> [WHAT YOU WILL DO]
Retype the entries below exactly, and keep every picture out of your version.

> [SOURCE DATA]
-- Opening Marker --

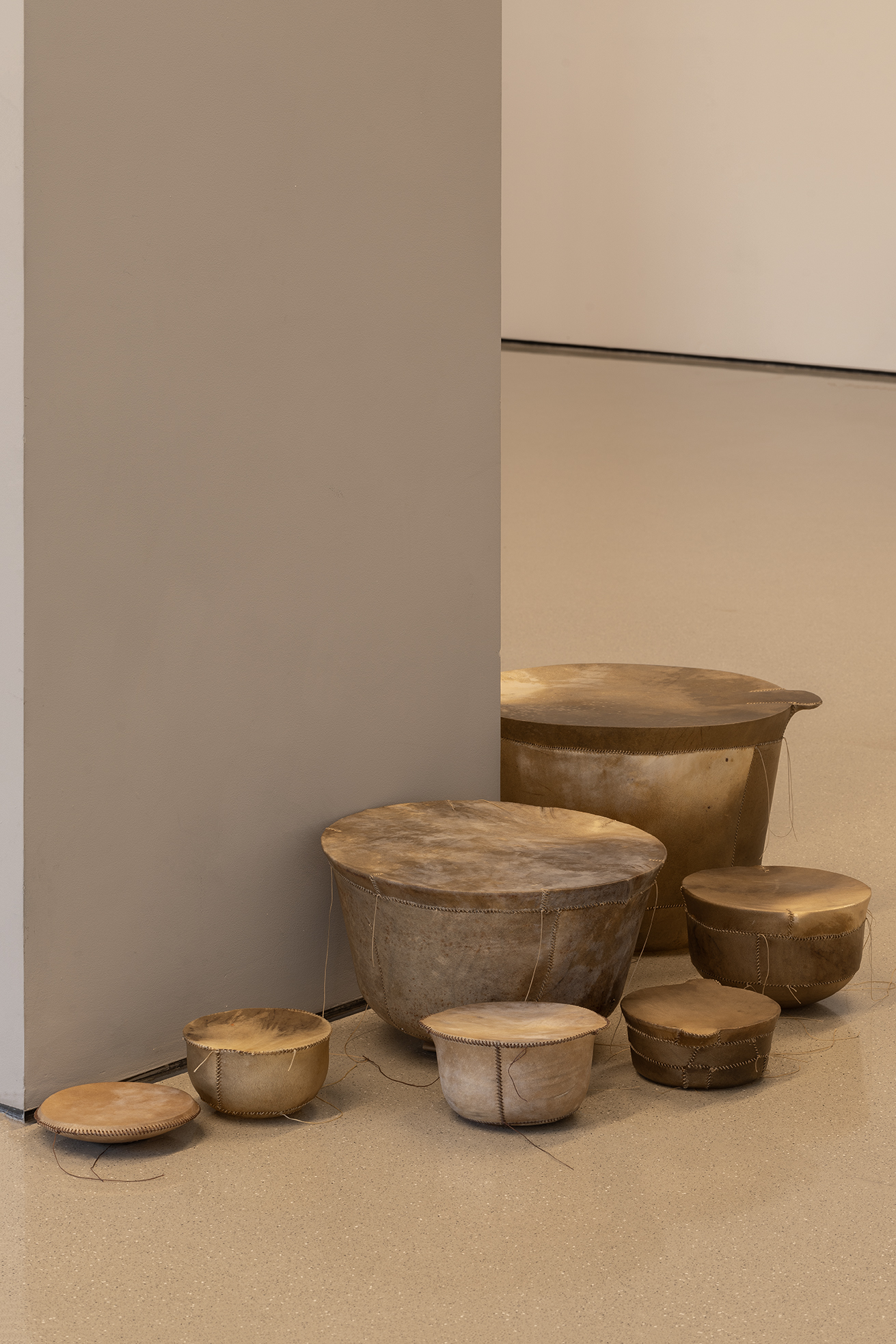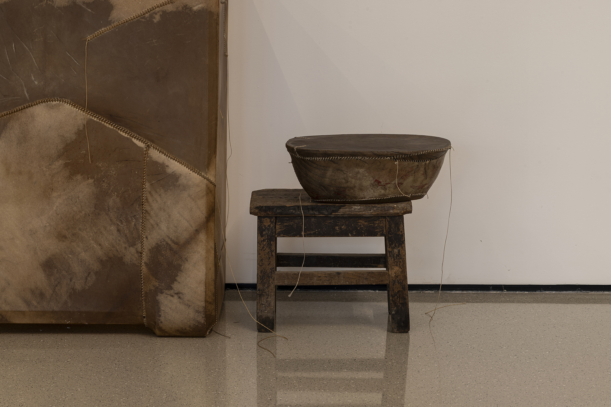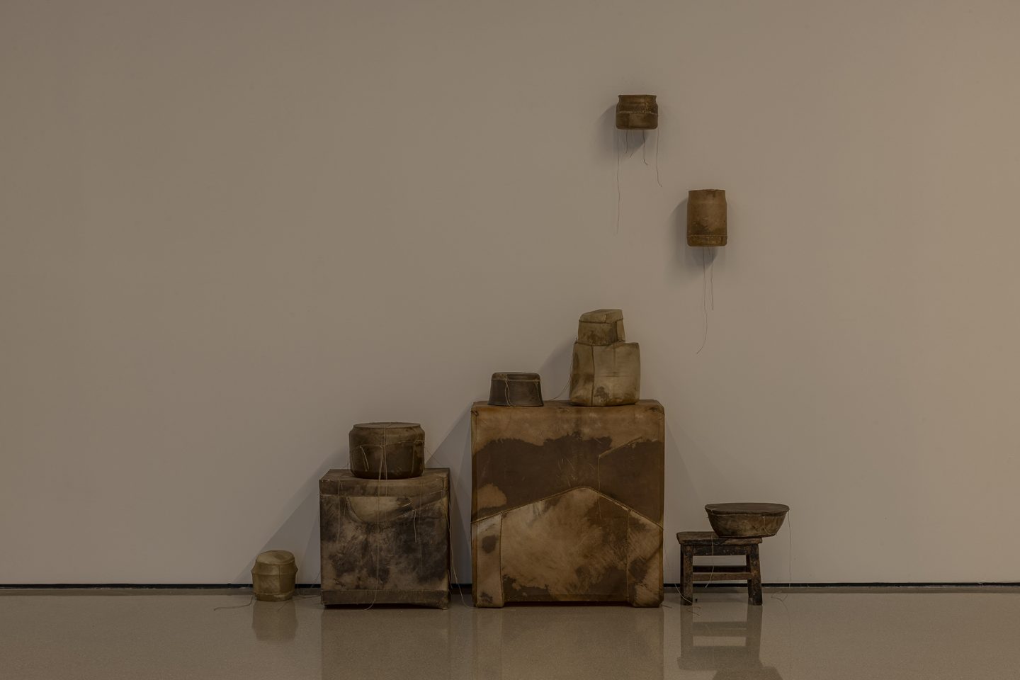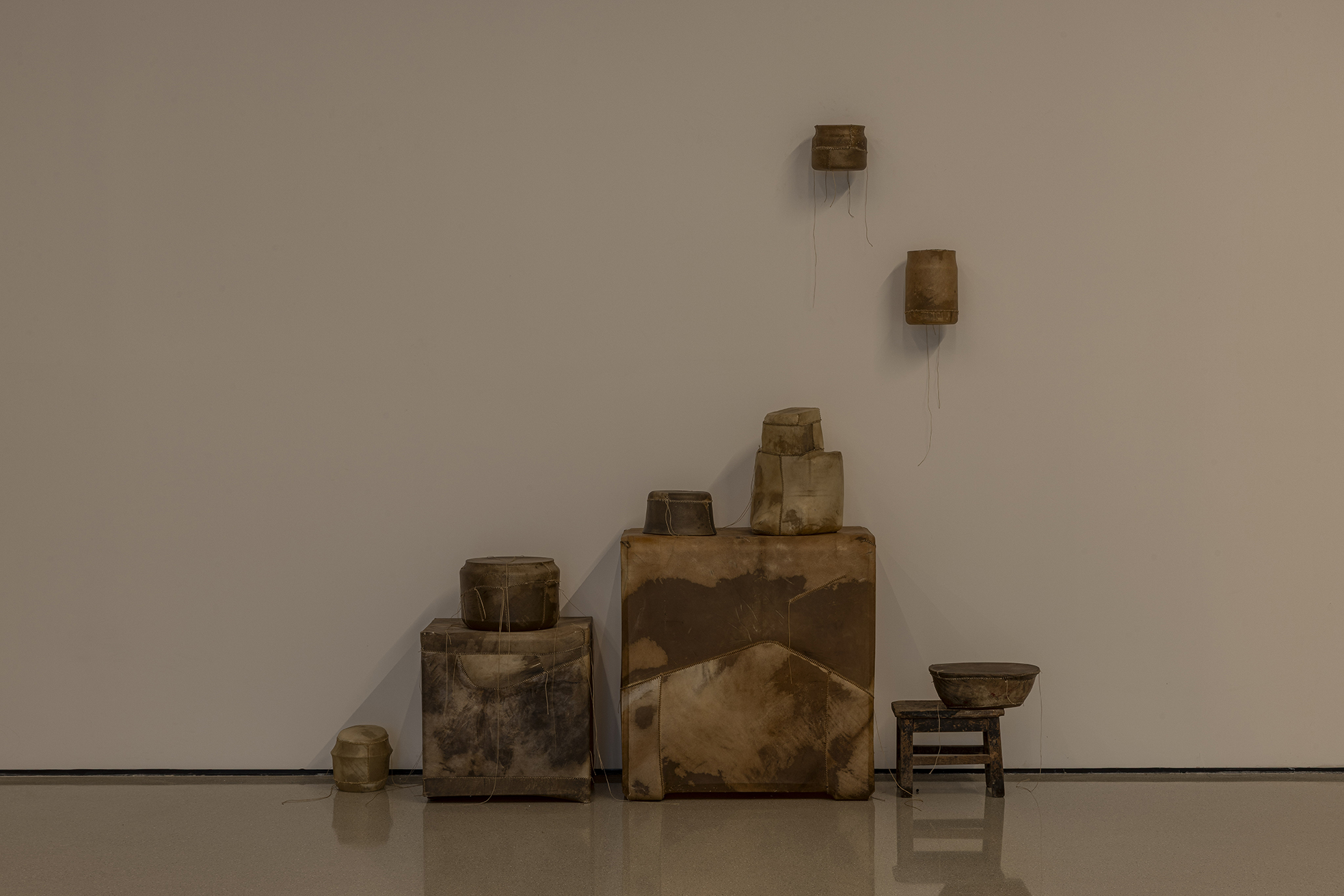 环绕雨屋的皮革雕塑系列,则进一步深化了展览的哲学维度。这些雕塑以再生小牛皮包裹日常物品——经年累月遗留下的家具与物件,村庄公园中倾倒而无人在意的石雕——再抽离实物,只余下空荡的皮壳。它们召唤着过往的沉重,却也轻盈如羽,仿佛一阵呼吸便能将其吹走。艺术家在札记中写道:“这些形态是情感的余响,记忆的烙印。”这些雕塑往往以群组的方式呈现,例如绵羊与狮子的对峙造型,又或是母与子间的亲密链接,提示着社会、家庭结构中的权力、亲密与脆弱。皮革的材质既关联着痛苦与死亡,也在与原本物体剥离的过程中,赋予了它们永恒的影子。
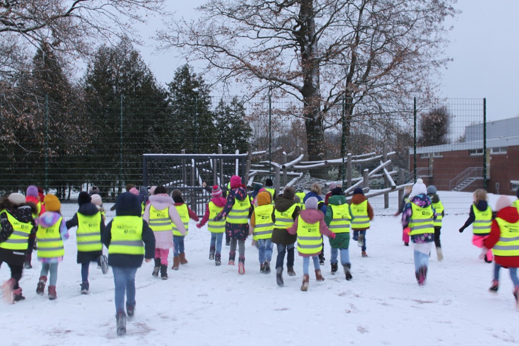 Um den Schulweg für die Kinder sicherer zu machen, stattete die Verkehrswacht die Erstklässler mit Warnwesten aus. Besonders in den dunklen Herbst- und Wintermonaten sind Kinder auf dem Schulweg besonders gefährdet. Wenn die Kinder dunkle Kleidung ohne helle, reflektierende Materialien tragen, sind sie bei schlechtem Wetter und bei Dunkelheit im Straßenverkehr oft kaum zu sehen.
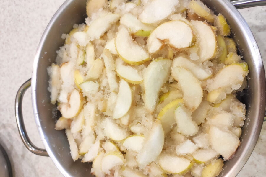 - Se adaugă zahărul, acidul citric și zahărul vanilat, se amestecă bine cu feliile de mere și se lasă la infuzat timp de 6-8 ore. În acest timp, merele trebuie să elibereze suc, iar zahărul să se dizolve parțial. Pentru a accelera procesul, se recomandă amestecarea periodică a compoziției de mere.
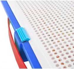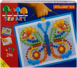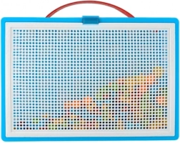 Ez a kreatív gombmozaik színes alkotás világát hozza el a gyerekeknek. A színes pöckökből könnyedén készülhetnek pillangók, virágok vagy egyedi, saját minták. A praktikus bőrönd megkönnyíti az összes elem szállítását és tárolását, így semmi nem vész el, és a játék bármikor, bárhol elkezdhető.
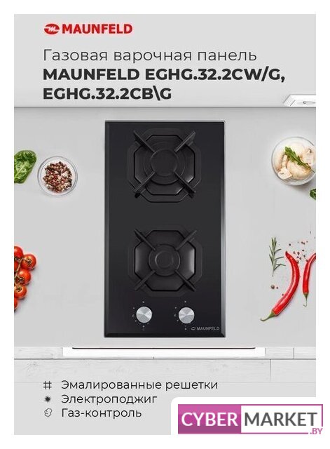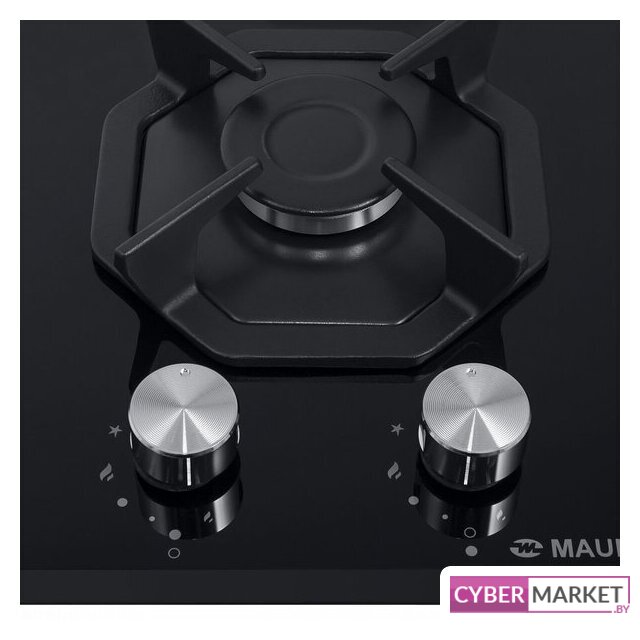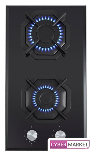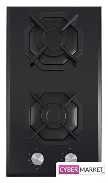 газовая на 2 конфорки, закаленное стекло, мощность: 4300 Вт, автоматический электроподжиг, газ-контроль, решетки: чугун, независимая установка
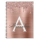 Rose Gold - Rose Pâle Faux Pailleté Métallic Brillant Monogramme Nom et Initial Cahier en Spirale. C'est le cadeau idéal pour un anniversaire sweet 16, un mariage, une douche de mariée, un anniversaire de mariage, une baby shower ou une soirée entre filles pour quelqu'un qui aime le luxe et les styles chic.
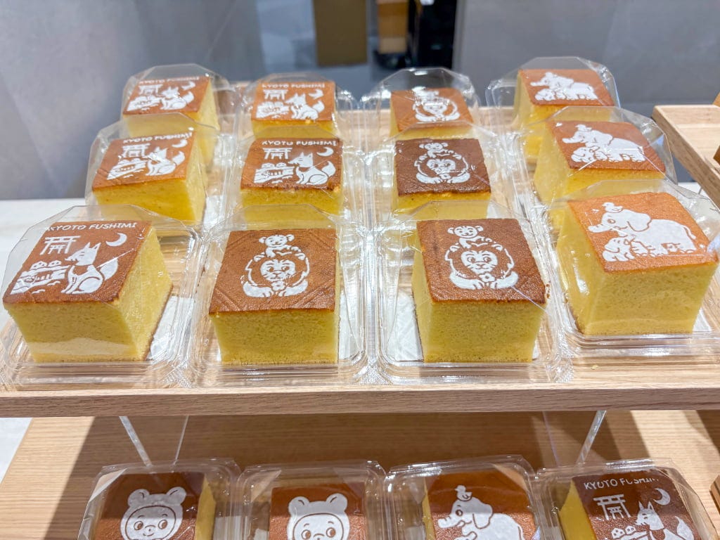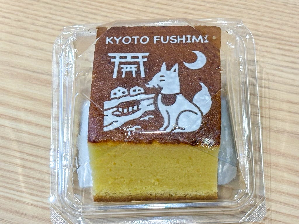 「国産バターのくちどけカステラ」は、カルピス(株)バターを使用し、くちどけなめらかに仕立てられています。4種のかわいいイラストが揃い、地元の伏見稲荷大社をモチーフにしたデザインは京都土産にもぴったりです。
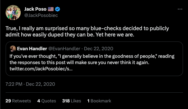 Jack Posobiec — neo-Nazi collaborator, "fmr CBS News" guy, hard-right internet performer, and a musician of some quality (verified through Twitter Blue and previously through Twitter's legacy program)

-- Closing Marker --

> [RESULT]
 环绕雨屋的皮革雕塑系列,则进一步深化了展览的哲学维度。这些雕塑以再生小牛皮包裹日常物品——经年累月遗留下的家具与物件,村庄公园中倾倒而无人在意的石雕——再抽离实物,只余下空荡的皮壳。它们召唤着过往的沉重,却也轻盈如羽,仿佛一阵呼吸便能将其吹走。艺术家在札记中写道:“这些形态是情感的余响,记忆的烙印。”这些雕塑往往以群组的方式呈现,例如绵羊与狮子的对峙造型,又或是母与子间的亲密链接,提示着社会、家庭结构中的权力、亲密与脆弱。皮革的材质既关联着痛苦与死亡,也在与原本物体剥离的过程中,赋予了它们永恒的影子。
 Um den Schulweg für die Kinder sicherer zu machen, stattete die Verkehrswacht die Erstklässler mit Warnwesten aus. Besonders in den dunklen Herbst- und Wintermonaten sind Kinder auf dem Schulweg besonders gefährdet. Wenn die Kinder dunkle Kleidung ohne helle, reflektierende Materialien tragen, sind sie bei schlechtem Wetter und bei Dunkelheit im Straßenverkehr oft kaum zu sehen.
 - Se adaugă zahărul, acidul citric și zahărul vanilat, se amestecă bine cu feliile de mere și se lasă la infuzat timp de 6-8 ore. În acest timp, merele trebuie să elibereze suc, iar zahărul să se dizolve parțial. Pentru a accelera procesul, se recomandă amestecarea periodică a compoziției de mere.
 Ez a kreatív gombmozaik színes alkotás világát hozza el a gyerekeknek. A színes pöckökből könnyedén készülhetnek pillangók, virágok vagy egyedi, saját minták. A praktikus bőrönd megkönnyíti az összes elem szállítását és tárolását, így semmi nem vész el, és a játék bármikor, bárhol elkezdhető.
 газовая на 2 конфорки, закаленное стекло, мощность: 4300 Вт, автоматический электроподжиг, газ-контроль, решетки: чугун, независимая установка
 Rose Gold - Rose Pâle Faux Pailleté Métallic Brillant Monogramme Nom et Initial Cahier en Spirale. C'est le cadeau idéal pour un anniversaire sweet 16, un mariage, une douche de mariée, un anniversaire de mariage, une baby shower ou une soirée entre filles pour quelqu'un qui aime le luxe et les styles chic.
 「国産バターのくちどけカステラ」は、カルピス(株)バターを使用し、くちどけなめらかに仕立てられています。4種のかわいいイラストが揃い、地元の伏見稲荷大社をモチーフにしたデザインは京都土産にもぴったりです。
 Jack Posobiec — neo-Nazi collaborator, "fmr CBS News" guy, hard-right internet performer, and a musician of some quality (verified through Twitter Blue and previously through Twitter's legacy program)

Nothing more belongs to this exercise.